Artwork > In Case You Were Looking

In Case You Were Looking
Billboard
12 x 24 feet
2018
In Case You Were Looking
Billboard
12 x 24 feet
2018

The wildcard of not knowing the location of this piece made it pretty nerve-wracking to develop. I didn't even know the exact dimensions in order to design it until the 9th hour. It's not what I would have chosen as a site, or the ideal dimensions. I would have chosen a tall, wide, solitary, soaring monolith of an object along an interstate. But beggars can't be choosers.

When I discovered it would be a smaller-scale sign (12 x 24 feet), and PAIRED directly next to another sign I had no control over, I felt pretty deflated. It could have been an ad for Downy fabric softener balls, or tortilla chips for all I knew (not that there's anything wrong with Downy balls or chips...), but I was NOT enthused by the wild-card. I don't like not knowing the immediate context of a work.

As a conceptual piece, those things matter a lot, and I like to think about site and context in great detail. I like control over those factors, or at least to know what they are, so I can nuance the work.
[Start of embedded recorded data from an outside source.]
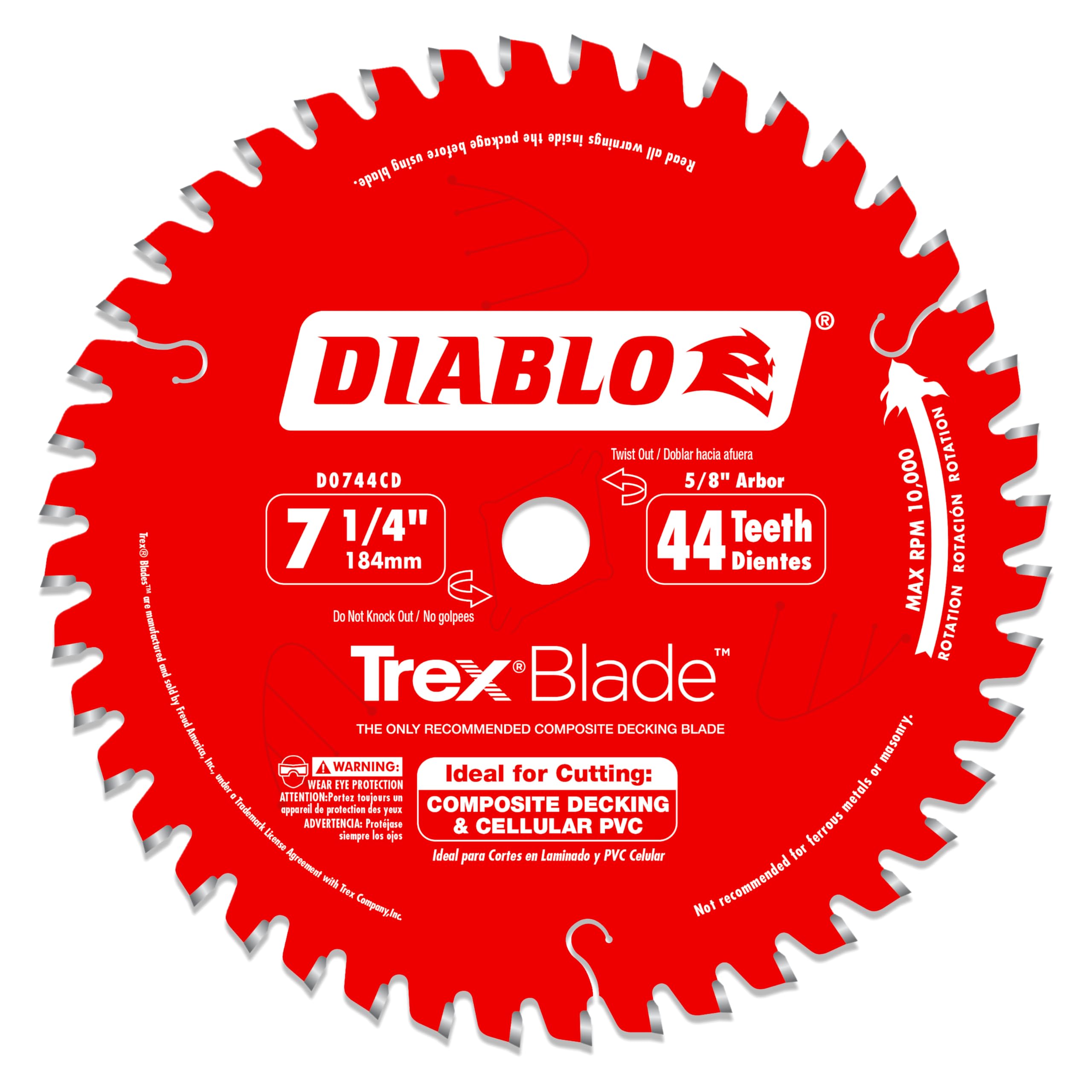 Diablo's TrexBlade™ Saw Blade for Composites and Plastic is the only blade recommended by Trex Company for cutting their composite decking materials. These new blades deliver maximum performance and highest quality of finish; making it a ‘must-have’ tool for both professionals and DIYers planning composite decking projects. Diablo's new saw blade series has a modified triple chip tooth grind design, Perma-SHIELD® non-stick coating, and specific TiCo™ Hi-Density carbide to deliver more efficient and cleaner cuts with no swirl marks, less “gumming” of blade teeth and longer cutting life .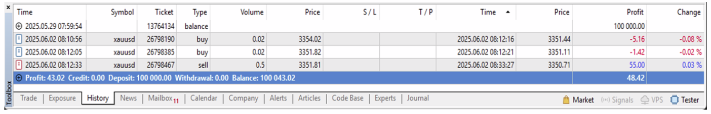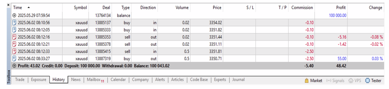- 13. Journal: Displays a log of all actions and system messages performed on the MT5 platform, useful for troubleshooting and verifying operations.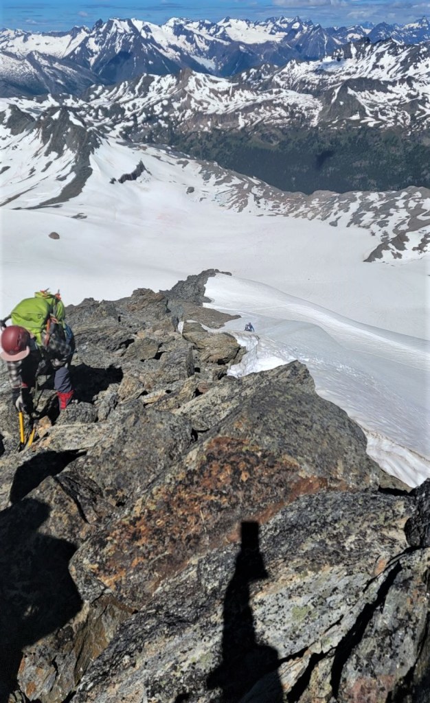Once Chucky was back, we took off the crampons and rope, and scrambled to the summit. The rock was stable and grippy, and it was an enjoyable ascent to the summit of International Mountain.

I chose this direction because I definitely didn't want a big reproduction of some other object I'd made. I make things that are best understood as things in specific spaces, not as photos of things in specific spaces, in other specific spaces. I wanted the billboard to be its own thing, a new project, in a specific space of advertising signage, seen by drivers.

On the one hand it was a minimal conceptual work in the conversation surrounding representation, tip-toeing on the shoulders of Rene Magritte, Joseph Kosuth, and company.

And on the other it was intended as a cosmic, metaphysical work, aimed toward eye and mind of the ulcerated commuter, at wits end, working a dead-end job, waiting for something to change, or a reason to change. A universal beacon of discernment and hope, perhaps. A life changer, by sheer chance.

As it is, it's become somewhat apocalyptic. An unintended coda to the "Gun Show" I was included in at now defunct Drawl Gallery in Little Rock a couple of years ago. It's much darker now, ominously permissive. It makes me nervous, even potentially culpable, and I like that.

And who knows? In a few weeks or months it could relate to fabric softener, or car insurance, or landscaping, or the Rodeo of the Ozarks. But it will STILL BE A SIGN - in case someone's looking for one.